Boston bomber Tsarnaev apologizes to victims, sentenced to death
Boston bomber Dzhokhar Tsarnaev on Wednesday apologized in court for the first time to his victims for the suffering he caused, moments before being formally sentenced to death by a federal judge.
The US citizen of Chechen descent was sentenced to death on six counts over the 2013 bombings, one of the worst assaults on US soil since the September 11, 2001 attacks.
"I would like to now apologize to the victims and to the survivors," said the 21-year-old former university student in his first public remarks since the April 15, 2013 bombings that killed three people.
"I am guilty," he said, standing pale and thin in a dark blazer. "Let there be no doubt about that."
The former pot-smoker said he listened throughout the 12-week trial as he learnt about the victims from often harrowing testimony.
"I am sorry for the lives I have taken, for the suffering, the damage that I have done," he said, beginning his remarks in the name of Allah and asking for God's forgiveness.
"I pray to Allah to bestow his mercy upon the deceased," he said. "I ask Allah to have mercy upon me, upon my brother, upon my family."
Judge George O'Toole officially imposed the death sentence, which had been reached unanimously by the 12-person jury on May 15.
"I sentence you to the penalty of death by execution," O'Toole told Tsarnaev, before he was led away by US Marshals.
Throughout the trial the man who came to the United States as a child and took citizenship in 2012, sat in silence, at times fidgeting but expressing little emotion.
On Wednesday, more than 20 victims and their relatives addressed the court, making harrowing impact statements summing up their grief, pain, anger and at times forgiveness.
The first to speak was the mother of Krystle Campbell, a young woman killed in the April 15, 2013 bombings.
"The choices you made were despicable," said Patricia Campbell, addressing Tsarnaev directly as he bowed his head.
"What you did to my daughter was disgusting. The jury did the right thing."
Bill Richard, the father of the youngest victim, eight-year-old Martin, said he would have preferred Tsarnaev receive a life sentence but said the attacks were "all on him."
Tsarnaev, Richard said, could have stopped his brother, changed his mind and "walked away with a minimal sense of humanity."
"He chose hate. He chose destruction. He chose death," Richard said.

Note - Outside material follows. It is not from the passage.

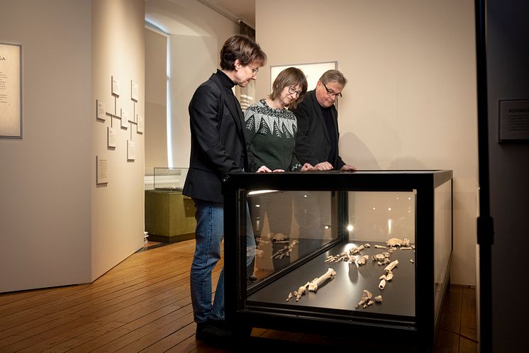 Fr vä: Museichef Carina Sjöholm, Stadsmuseets arkeolog och antikvarie Else-Britt Filipsson och osteolog Torbjörn Ahlström från Lunds universitet vid Österödskvinnans monter.
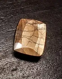 Golden sheen sapphire, (or goldsheen sapphire) is a recently discovered variety of corundum.[2] Goldsheen sapphire has been tested and confirmed in lab reports as "natural sapphire" by GIA, GIT, GRS, AIGS, Tokio gem labs and Lotus.

"We choose love. We choose kindness. We choose peace. That is what makes us different."
Defense lawyer Judy Clarke told the court that Tsarnaev had offered to plead guilty last year, but Wednesday's remarks were the first time that her client had expressed any public remorse.
At the penalty phase of the trial, a prominent Catholic nun, Sister Helen Prejean, who visited him in jail said that he did to her.
"No one deserves to suffer like they did," she quoted him as saying.
The bombings wounded 264 people, including 17 who lost limbs, near the finish line at the northeastern city's popular marathon.
It took the jury more than 14 hours to choose death rather than life imprisonment for Tsarnaev on six counts.
It was a stinging defeat for the defense, who argued that Tsarnaev was a "lost kid" who would never have committed such horrors without being manipulated by his older brother.
The brothers went on the run and killed a police officer, before Tamerlan was shot dead and Tsarnaev arrested, four days later.
He was found, injured, in a grounded boat on which he had scrawled a bloody message defending the attacks as a means to avenge US wars in Iraq and Afghanistan.
The death sentence is possible only under federal law. The state of Massachusetts outlawed capital punishment in 1947 and opinion polls had suggested residents favored a life sentence for Tsarnaev.
During the trial, government prosecutors argued Tsarnaev was a remorseless terrorist who deserved to die and declared that life imprisonment would be the "minimum" punishment.